When the nine justices of the Washington Supreme Court file into their historic chamber to hear the case State v. League of Education Voters, et al., some of the observers will be looking for the justices to decide an important constitutional issue.
That’s what they do, after all.
But some in the room will hope instead that the nine black-robed ones will decide not to decide whether the state constitution reserves to itself the requirements for passing tax increases. In the balance is whether a requirement for a two-thirds majority to pass tax hikes can be created by initiative or must be done by a constitutional amendment.
I’ll reveal my viewpoint up front. When the constitution states that “no bill shall become a law unless a majority of the members elected to each house be recorded thereupon as voting in its favor,” that means a simple majority. The framers knew about supermajorities because elsewhere in the constitution are higher requirements for matters such as overriding a veto.
By saying a majority, their constitution clearly means that it takes just 50 House votes and 25 Senate votes to pass any bill including those that raise taxes or close tax loopholes. Those totals are both the minimum needed and the maximum needed.
As further evidence of this, an amicus brief filed by the League of Women Voters speaks of a debate at the 1889 constitutional convention over a different issue – how many votes it would take to change a county seat. The delegates argued whether a simple majority was enough to move the seat or if supermajorities – 60 percent or two-thirds – were wiser. The debate shows that the framers considered the question a constitutional issue.
If some state residents want to impose a two-thirds majority on the Legislature for tax hikes, they must lobby for a constitutional amendment, something some have already started pushing. That, by constitutional directive, takes a two-thirds vote of the House and Senate and a simple majority of the voters.
The court has figured a way to not rule on the underlying issue three times previously, either because the justices resolved the case before them on less-than-constitutional grounds or decided it wasn’t properly brought.

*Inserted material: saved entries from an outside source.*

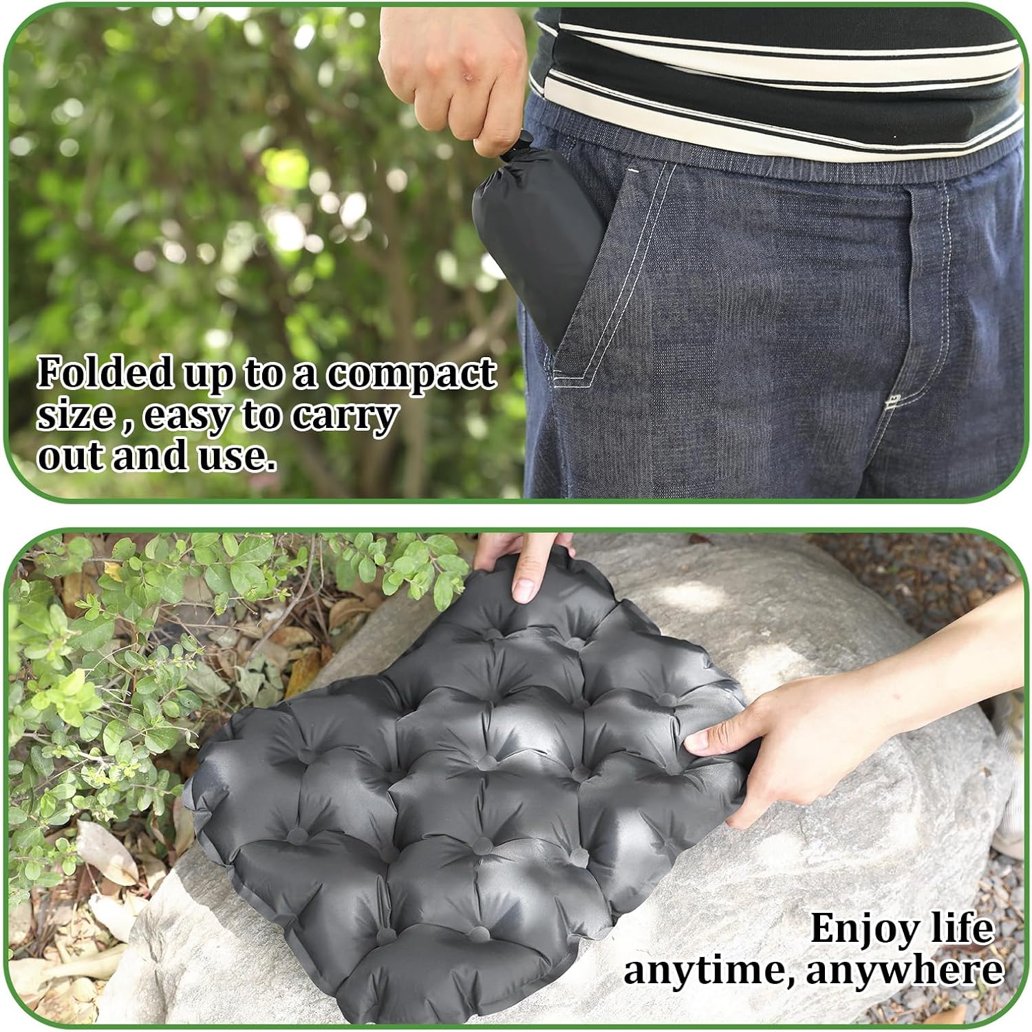 【Durable Material】Seat cushion is made of nylon TPU, travel cushion is both waterproof and wear-resistant, camping pad ensures long-term use in various environments without compromising comfort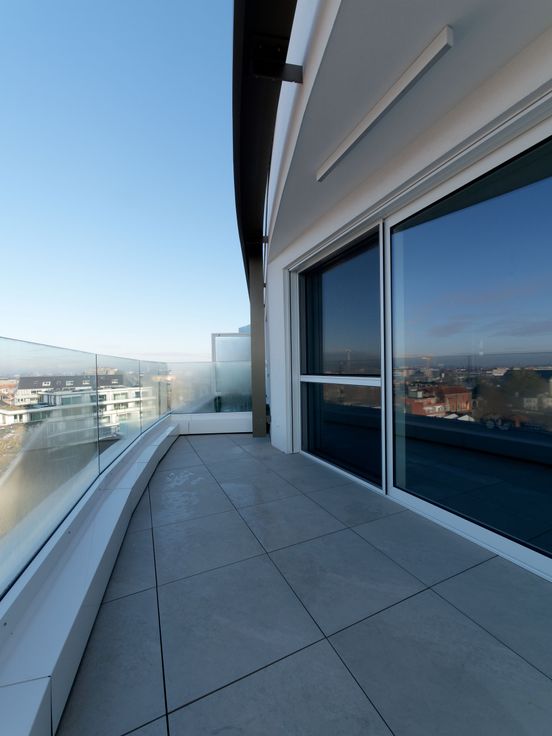Nieuwbouw luxe BEN-appartement (92.5m² waarvan 11.75 m² terras, groendak niet inbegrepen): €950/maand.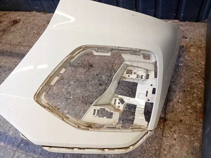 Zderzak oryginalny, konstrukcyjnie niekompletnie uszkodzony – pęknięty w dwóch miejscach (pęknięcia widoczne na zdjęciach), powierzchnia porysowana. Mocowania częściowo całe, niektóre zaczepy mogą wymagać naprawy lub wzmocnienia. Nadaje się do regeneracji blacharsko-lakierniczej.

That’s what the proponents hope will happen again. The brief filed by state attorneys general who are charged with defending Initiative 1053 claim the case is not a “justiciable controversy.”
It started in the House last year when House Speaker Frank Chopp ruled that he couldn’t allow passage of a loophole closure with less than two-thirds majority and that only the court could change that. The plaintiffs argue they were prevented by the initiative from passing the closure with a simple majority and therefore were directly harmed by it.
But state lawyers belittle that claim, calling it a “hypothetical, speculative political dispute.”
Gov. Chris Gregoire has submitted her own brief, apart from the attorney general, asking the court to rule one way or another. Even if the case is considered not justiciable, there are times when the court had ruled anyway because the issue is important enough.
If the court does rule, Tim Eyman can either work on other initiatives or throw his weight behind a constitutional amendment, lawmakers can know for certain what the rules are for tax hikes, and lawyers can stop getting paid by both sides to brief and argue this issue.
This is a significant issue, and it would be nice if the justices tackled it. If they do, perhaps the majority opinion should be written by Justice Tom Chambers who is retiring in the midst of a battle with cancer. It was Chambers who chided the court for its refusal to rule on the constitutional question behind two-thirds requirements.
“There is an elephant in the courthouse, “ Chambers wrote in a concurring opinion in Washington State Farm Bureau v. Gregoire. “The majority knows the elephant is there. The majority maps out a course around the elephant. The majority never acknowledges the presence of the elephant.”